== Instructions for the task ==
Begin your copy at the line that holds "Salon de jardin" and carry it through the final line of the data, writing out each line exactly and omitting pictures.

== Data for analysis ==
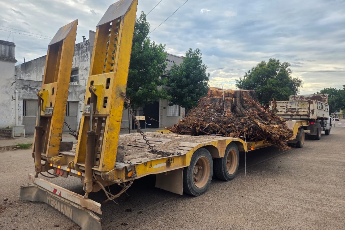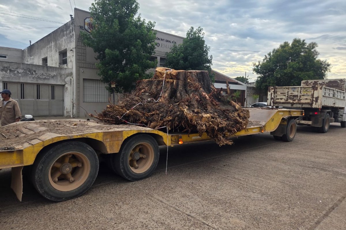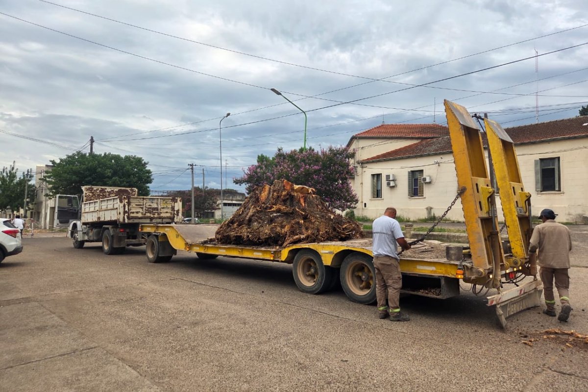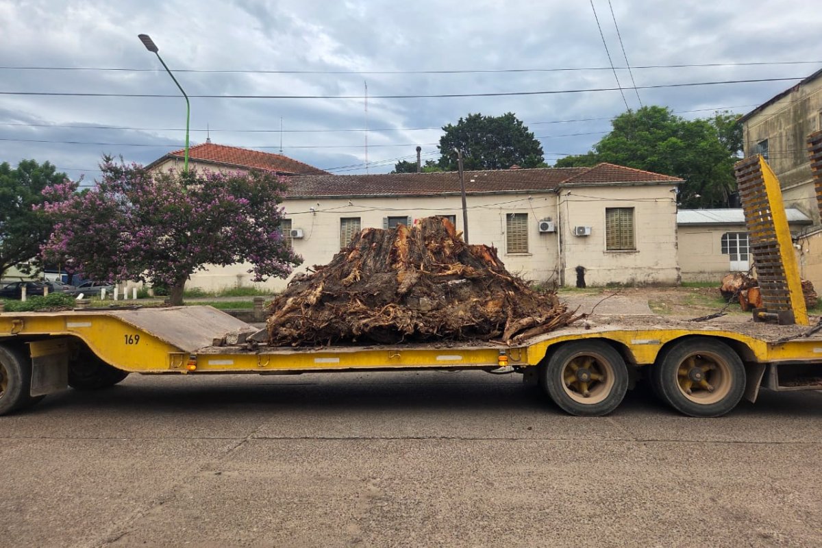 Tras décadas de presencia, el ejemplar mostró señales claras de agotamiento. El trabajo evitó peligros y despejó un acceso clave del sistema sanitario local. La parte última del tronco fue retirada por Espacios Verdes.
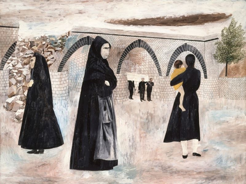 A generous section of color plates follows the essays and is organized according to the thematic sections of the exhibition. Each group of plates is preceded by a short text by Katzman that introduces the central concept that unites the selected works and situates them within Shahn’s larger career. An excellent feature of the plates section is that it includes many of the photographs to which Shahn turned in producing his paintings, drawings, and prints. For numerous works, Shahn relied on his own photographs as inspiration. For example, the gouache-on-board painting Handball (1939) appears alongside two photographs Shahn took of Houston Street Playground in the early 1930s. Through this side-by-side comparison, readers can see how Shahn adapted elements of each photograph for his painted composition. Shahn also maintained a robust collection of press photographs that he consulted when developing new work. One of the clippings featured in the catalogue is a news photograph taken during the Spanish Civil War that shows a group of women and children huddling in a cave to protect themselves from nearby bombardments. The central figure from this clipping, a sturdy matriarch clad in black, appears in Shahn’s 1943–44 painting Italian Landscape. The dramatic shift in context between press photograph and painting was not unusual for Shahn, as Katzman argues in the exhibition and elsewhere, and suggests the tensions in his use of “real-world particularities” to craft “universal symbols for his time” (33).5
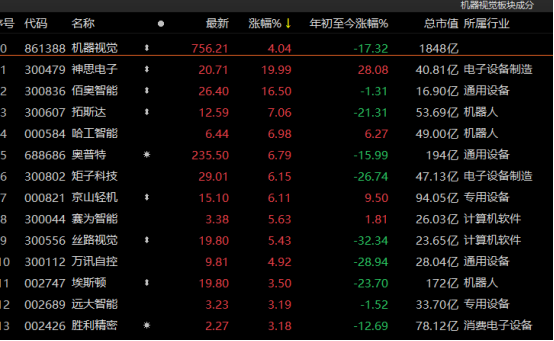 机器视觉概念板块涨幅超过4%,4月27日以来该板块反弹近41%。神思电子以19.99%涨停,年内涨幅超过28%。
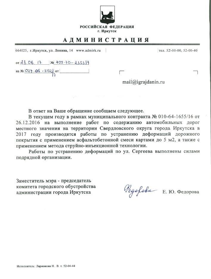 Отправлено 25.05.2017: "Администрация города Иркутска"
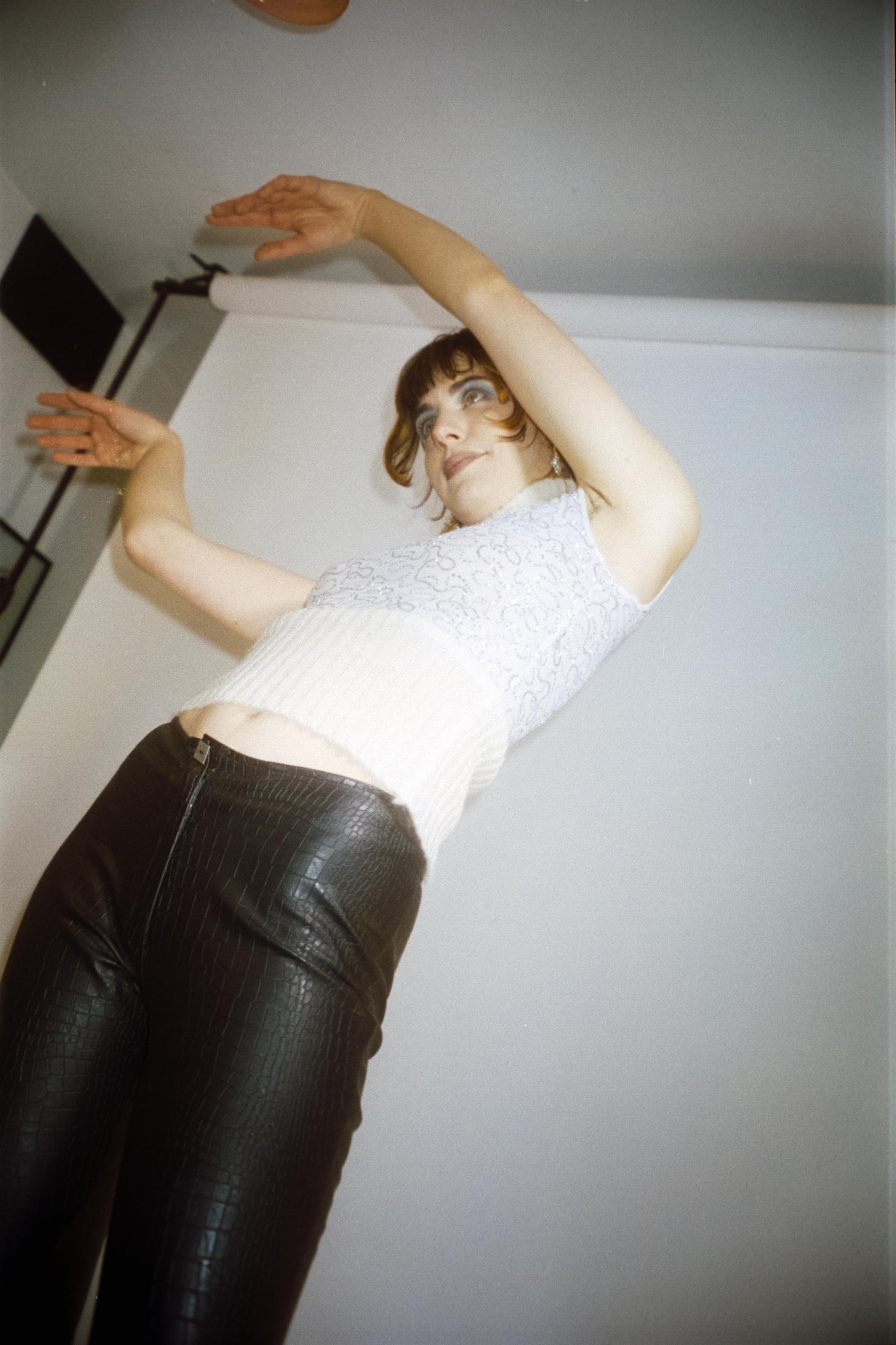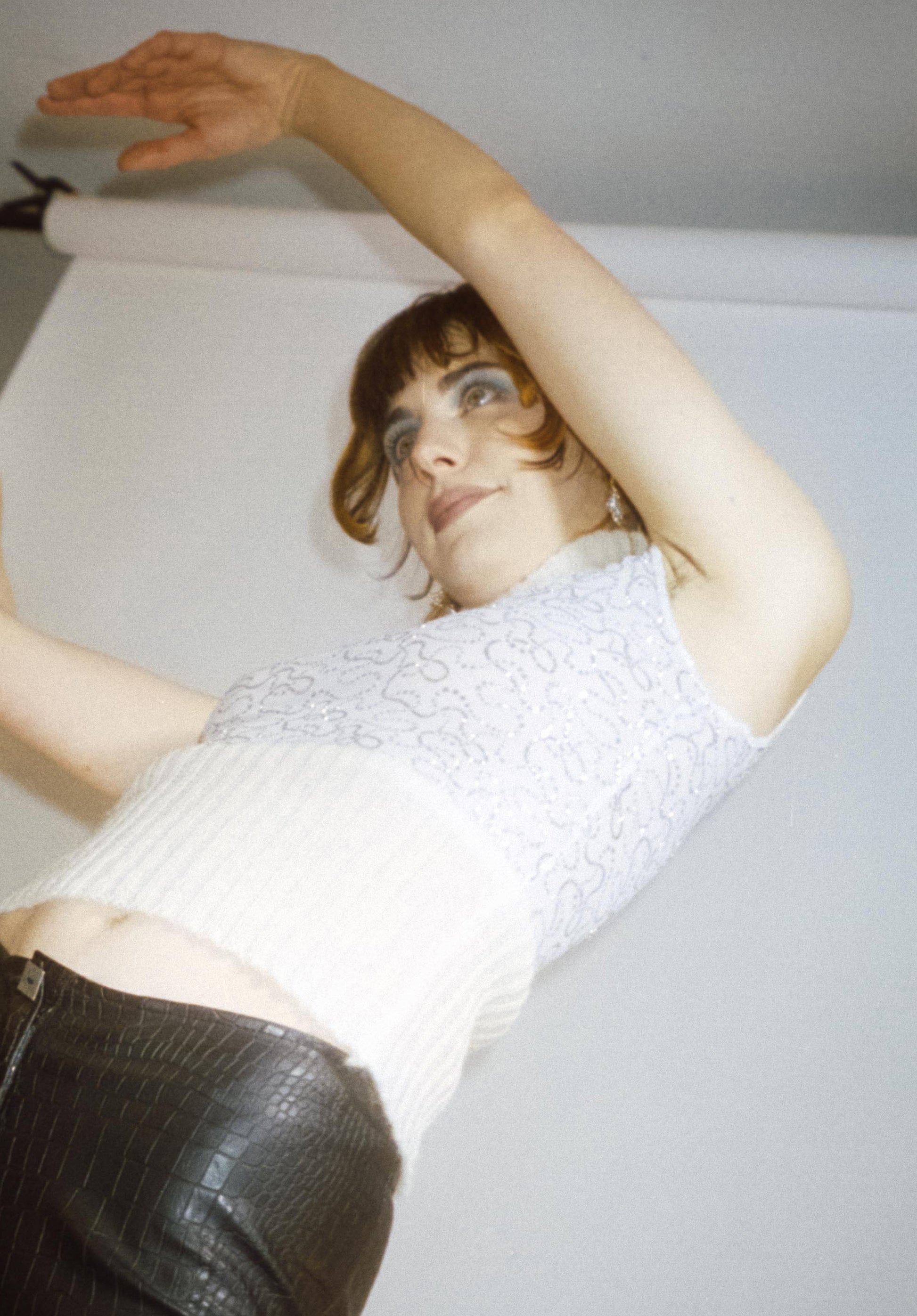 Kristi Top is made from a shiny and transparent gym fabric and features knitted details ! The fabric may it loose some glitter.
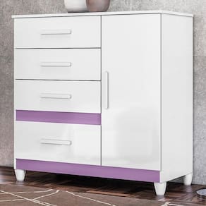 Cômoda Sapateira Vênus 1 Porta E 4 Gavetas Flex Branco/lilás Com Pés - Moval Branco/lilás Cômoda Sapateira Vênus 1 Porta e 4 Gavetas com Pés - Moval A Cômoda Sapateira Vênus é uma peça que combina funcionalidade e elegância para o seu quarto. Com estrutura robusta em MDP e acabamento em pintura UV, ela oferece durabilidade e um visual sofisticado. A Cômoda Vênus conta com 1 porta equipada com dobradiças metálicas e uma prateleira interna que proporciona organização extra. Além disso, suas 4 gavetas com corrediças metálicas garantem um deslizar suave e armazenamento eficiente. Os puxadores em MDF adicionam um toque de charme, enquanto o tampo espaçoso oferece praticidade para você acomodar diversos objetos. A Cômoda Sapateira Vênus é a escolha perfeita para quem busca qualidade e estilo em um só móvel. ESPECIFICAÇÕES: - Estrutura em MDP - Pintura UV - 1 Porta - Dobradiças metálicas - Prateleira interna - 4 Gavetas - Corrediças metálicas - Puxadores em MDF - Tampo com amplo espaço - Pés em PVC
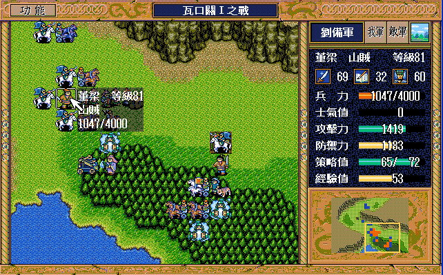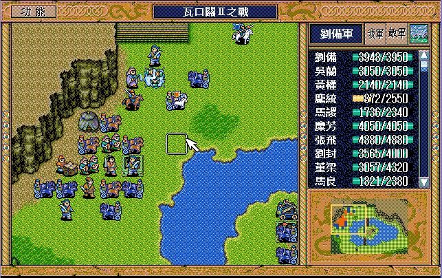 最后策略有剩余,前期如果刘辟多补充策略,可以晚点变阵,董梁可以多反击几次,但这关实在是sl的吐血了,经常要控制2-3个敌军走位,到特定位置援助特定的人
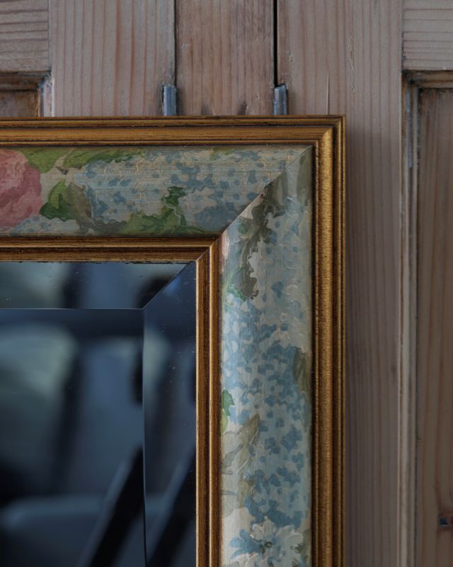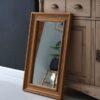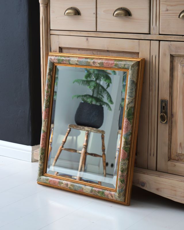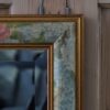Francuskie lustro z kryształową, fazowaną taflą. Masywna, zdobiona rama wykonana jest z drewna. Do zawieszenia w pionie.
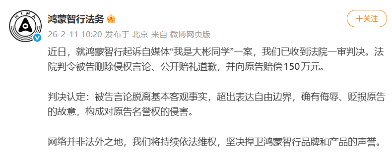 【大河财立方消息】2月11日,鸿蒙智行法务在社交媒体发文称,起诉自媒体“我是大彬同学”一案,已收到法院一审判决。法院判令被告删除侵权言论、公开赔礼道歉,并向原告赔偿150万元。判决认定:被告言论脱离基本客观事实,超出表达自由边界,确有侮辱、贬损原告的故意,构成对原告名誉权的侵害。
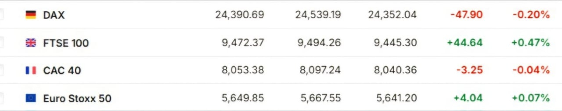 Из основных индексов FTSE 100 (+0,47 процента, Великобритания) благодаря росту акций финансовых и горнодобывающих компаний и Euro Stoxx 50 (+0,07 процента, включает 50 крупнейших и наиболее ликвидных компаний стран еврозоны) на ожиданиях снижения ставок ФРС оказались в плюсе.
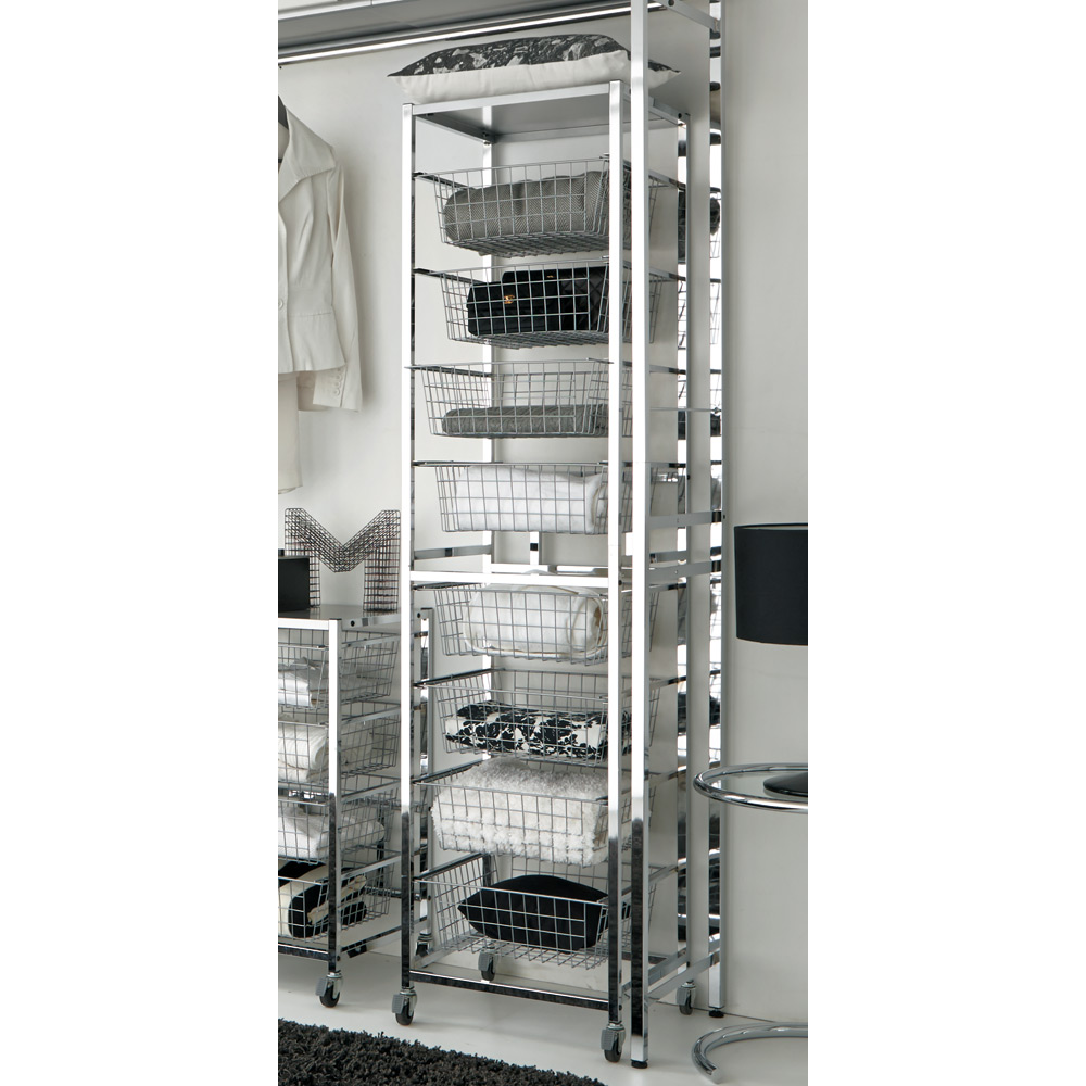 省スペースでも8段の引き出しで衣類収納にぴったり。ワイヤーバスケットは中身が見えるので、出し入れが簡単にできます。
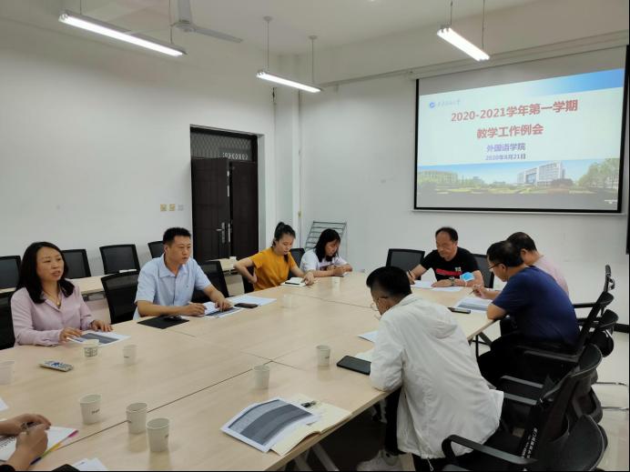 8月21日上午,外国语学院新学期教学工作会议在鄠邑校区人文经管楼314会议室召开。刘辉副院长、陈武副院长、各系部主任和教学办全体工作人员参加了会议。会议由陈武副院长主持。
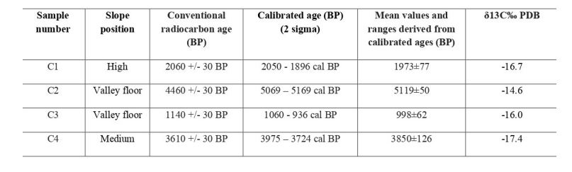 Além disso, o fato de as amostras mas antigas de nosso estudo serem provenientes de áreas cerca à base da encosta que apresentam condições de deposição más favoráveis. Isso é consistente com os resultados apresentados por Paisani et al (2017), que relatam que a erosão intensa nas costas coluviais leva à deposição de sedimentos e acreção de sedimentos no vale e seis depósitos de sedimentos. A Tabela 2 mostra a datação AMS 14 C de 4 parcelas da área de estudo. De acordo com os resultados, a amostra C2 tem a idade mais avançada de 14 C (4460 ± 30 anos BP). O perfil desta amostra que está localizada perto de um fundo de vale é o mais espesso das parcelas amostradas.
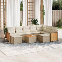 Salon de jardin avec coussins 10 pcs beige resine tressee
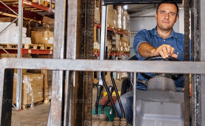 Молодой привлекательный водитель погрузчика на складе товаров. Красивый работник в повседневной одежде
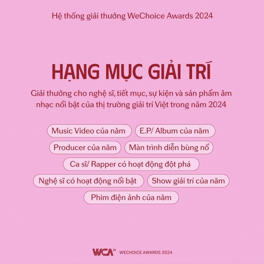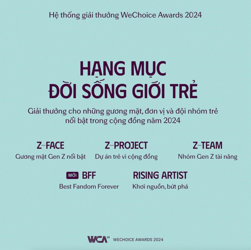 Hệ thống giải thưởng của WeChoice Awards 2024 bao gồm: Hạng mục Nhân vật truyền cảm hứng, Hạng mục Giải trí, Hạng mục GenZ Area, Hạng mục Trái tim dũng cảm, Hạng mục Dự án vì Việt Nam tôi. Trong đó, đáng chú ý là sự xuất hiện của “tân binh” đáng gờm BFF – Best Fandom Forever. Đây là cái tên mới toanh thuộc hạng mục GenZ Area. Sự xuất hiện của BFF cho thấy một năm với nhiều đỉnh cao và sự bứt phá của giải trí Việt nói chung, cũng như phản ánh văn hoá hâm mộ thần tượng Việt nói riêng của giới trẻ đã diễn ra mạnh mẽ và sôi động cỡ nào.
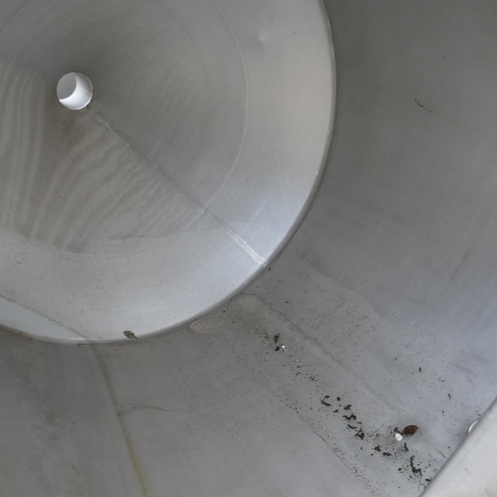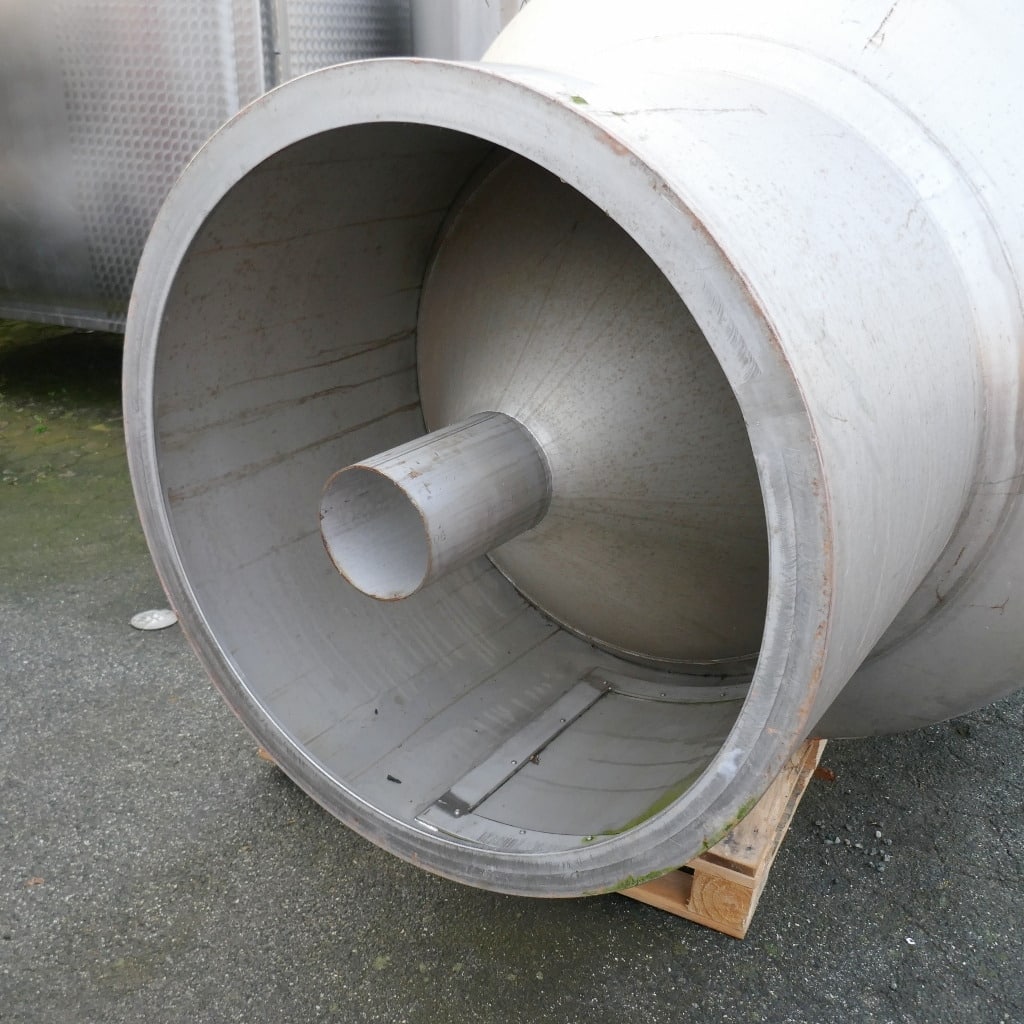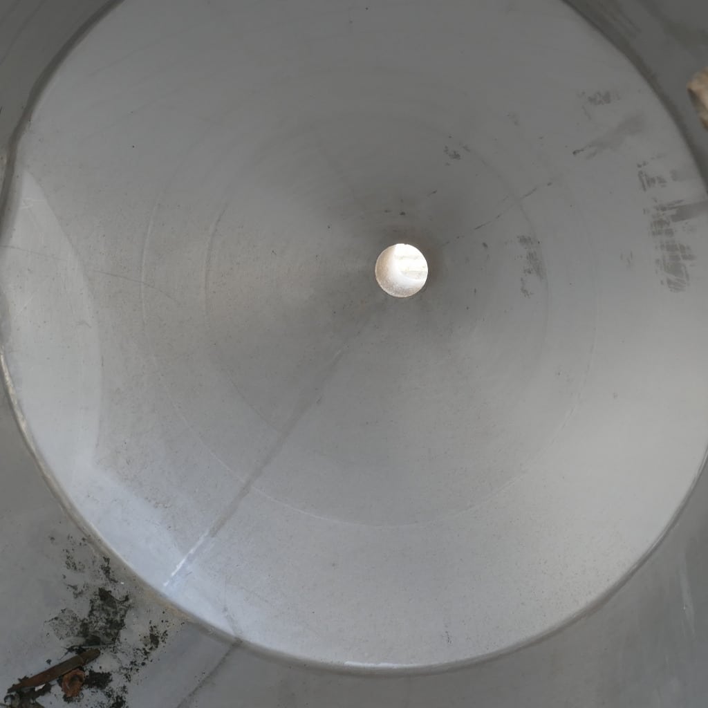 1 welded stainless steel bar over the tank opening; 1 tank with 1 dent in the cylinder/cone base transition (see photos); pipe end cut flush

== Answer for the task ==
 Salon de jardin avec coussins 10 pcs beige resine tressee
 Молодой привлекательный водитель погрузчика на складе товаров. Красивый работник в повседневной одежде
 Hệ thống giải thưởng của WeChoice Awards 2024 bao gồm: Hạng mục Nhân vật truyền cảm hứng, Hạng mục Giải trí, Hạng mục GenZ Area, Hạng mục Trái tim dũng cảm, Hạng mục Dự án vì Việt Nam tôi. Trong đó, đáng chú ý là sự xuất hiện của “tân binh” đáng gờm BFF – Best Fandom Forever. Đây là cái tên mới toanh thuộc hạng mục GenZ Area. Sự xuất hiện của BFF cho thấy một năm với nhiều đỉnh cao và sự bứt phá của giải trí Việt nói chung, cũng như phản ánh văn hoá hâm mộ thần tượng Việt nói riêng của giới trẻ đã diễn ra mạnh mẽ và sôi động cỡ nào.
 1 welded stainless steel bar over the tank opening; 1 tank with 1 dent in the cylinder/cone base transition (see photos); pipe end cut flush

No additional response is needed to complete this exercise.